- **Prompt**
Look below for the line that has "Elpanna för samkörning"; output exactly from it through the line that has "Rustieke sfeermaker voor", and leave the pictures out.

- **Exercise data**
*** Begin section ***

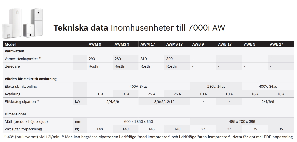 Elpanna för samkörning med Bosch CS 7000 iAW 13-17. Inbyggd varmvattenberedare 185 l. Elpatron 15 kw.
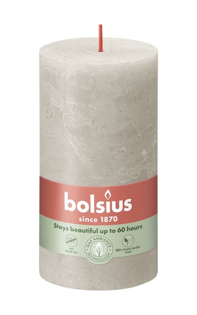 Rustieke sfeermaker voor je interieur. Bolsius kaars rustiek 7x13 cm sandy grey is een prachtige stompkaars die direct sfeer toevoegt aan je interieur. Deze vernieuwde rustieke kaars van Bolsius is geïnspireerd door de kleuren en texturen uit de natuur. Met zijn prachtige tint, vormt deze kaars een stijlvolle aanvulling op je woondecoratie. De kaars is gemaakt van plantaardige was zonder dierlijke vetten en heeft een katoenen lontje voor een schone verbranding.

*** End section ***
*** Begin section ***

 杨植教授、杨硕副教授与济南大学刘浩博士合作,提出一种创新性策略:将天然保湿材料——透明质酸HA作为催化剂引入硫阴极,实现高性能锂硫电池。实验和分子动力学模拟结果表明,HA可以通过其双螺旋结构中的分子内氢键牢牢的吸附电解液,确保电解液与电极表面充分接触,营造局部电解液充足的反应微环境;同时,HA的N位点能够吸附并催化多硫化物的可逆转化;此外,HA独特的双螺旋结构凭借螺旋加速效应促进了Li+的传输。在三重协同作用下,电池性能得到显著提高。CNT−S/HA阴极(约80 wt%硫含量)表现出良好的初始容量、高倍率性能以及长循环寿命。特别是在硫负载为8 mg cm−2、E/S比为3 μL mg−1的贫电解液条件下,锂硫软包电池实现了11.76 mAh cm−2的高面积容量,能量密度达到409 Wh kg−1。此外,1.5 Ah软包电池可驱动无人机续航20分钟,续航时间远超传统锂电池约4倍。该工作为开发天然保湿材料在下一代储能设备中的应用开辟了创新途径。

*** End section ***

- **Final answer**
 Elpanna för samkörning med Bosch CS 7000 iAW 13-17. Inbyggd varmvattenberedare 185 l. Elpatron 15 kw.
 Rustieke sfeermaker voor je interieur. Bolsius kaars rustiek 7x13 cm sandy grey is een prachtige stompkaars die direct sfeer toevoegt aan je interieur. Deze vernieuwde rustieke kaars van Bolsius is geïnspireerd door de kleuren en texturen uit de natuur. Met zijn prachtige tint, vormt deze kaars een stijlvolle aanvulling op je woondecoratie. De kaars is gemaakt van plantaardige was zonder dierlijke vetten en heeft een katoenen lontje voor een schone verbranding.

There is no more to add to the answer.